Source material –
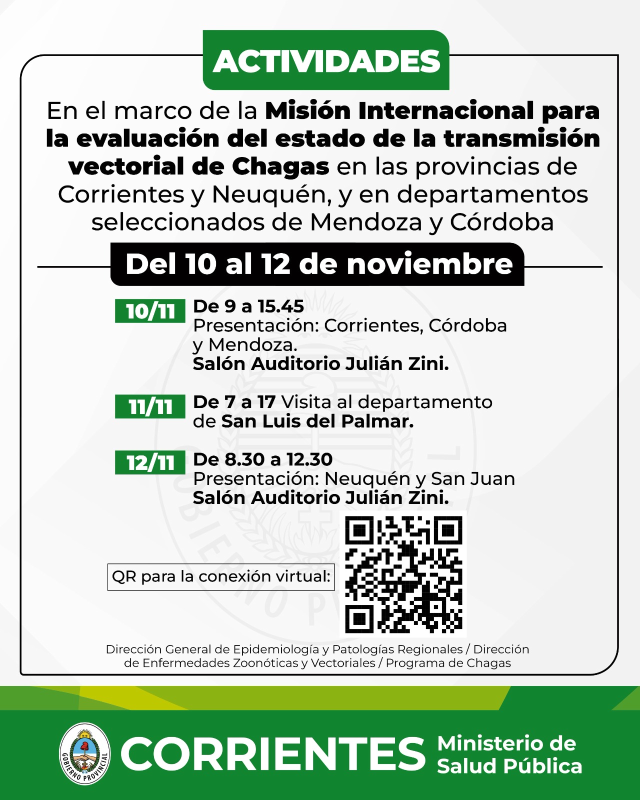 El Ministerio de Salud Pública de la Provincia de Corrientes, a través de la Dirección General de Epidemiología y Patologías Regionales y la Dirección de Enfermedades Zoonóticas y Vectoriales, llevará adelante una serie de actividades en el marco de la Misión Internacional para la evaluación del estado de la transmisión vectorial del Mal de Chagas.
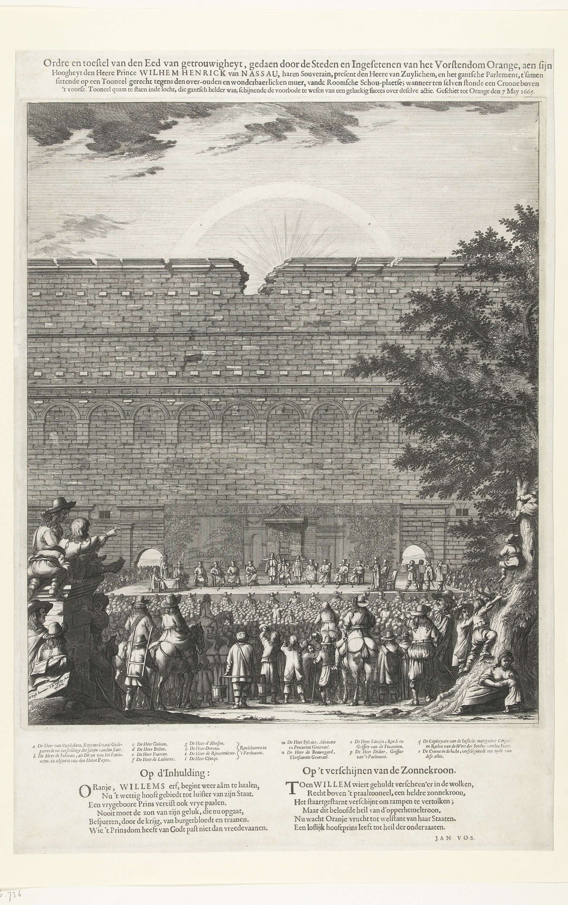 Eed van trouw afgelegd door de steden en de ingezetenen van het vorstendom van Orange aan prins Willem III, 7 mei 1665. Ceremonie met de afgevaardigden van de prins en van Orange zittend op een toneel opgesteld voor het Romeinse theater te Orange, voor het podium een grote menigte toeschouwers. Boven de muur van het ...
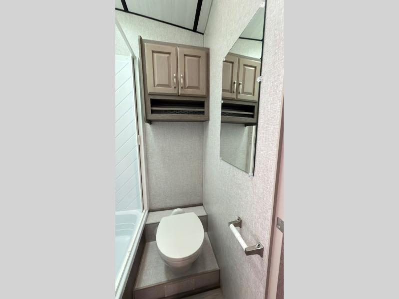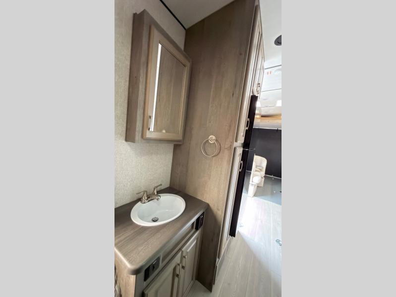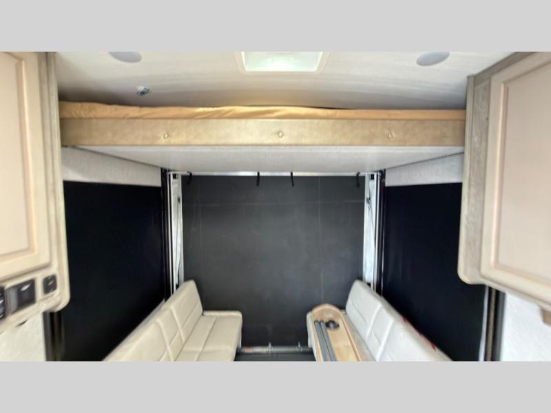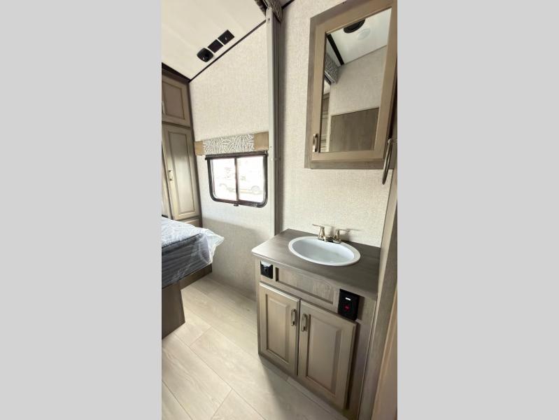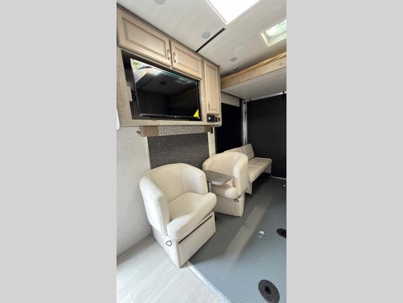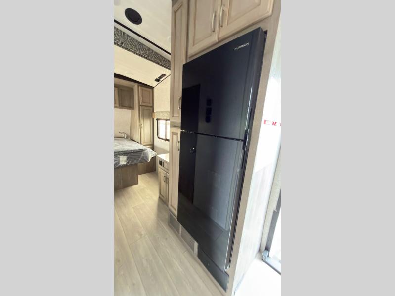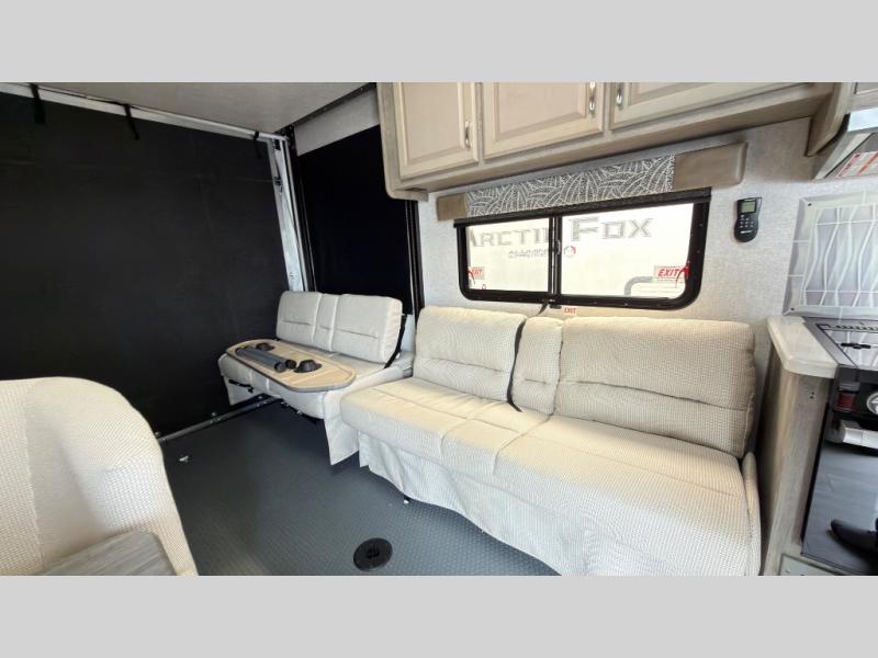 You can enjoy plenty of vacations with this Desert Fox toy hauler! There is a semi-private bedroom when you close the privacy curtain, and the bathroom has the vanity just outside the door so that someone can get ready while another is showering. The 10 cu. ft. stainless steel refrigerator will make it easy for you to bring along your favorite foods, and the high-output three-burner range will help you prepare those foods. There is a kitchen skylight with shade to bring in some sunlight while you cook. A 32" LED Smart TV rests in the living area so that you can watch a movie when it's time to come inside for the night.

Task statement – Hand back every line of the material, exactly, without the pictures.

Answer section –
 El Ministerio de Salud Pública de la Provincia de Corrientes, a través de la Dirección General de Epidemiología y Patologías Regionales y la Dirección de Enfermedades Zoonóticas y Vectoriales, llevará adelante una serie de actividades en el marco de la Misión Internacional para la evaluación del estado de la transmisión vectorial del Mal de Chagas.
 Eed van trouw afgelegd door de steden en de ingezetenen van het vorstendom van Orange aan prins Willem III, 7 mei 1665. Ceremonie met de afgevaardigden van de prins en van Orange zittend op een toneel opgesteld voor het Romeinse theater te Orange, voor het podium een grote menigte toeschouwers. Boven de muur van het ...
 You can enjoy plenty of vacations with this Desert Fox toy hauler! There is a semi-private bedroom when you close the privacy curtain, and the bathroom has the vanity just outside the door so that someone can get ready while another is showering. The 10 cu. ft. stainless steel refrigerator will make it easy for you to bring along your favorite foods, and the high-output three-burner range will help you prepare those foods. There is a kitchen skylight with shade to bring in some sunlight while you cook. A 32" LED Smart TV rests in the living area so that you can watch a movie when it's time to come inside for the night.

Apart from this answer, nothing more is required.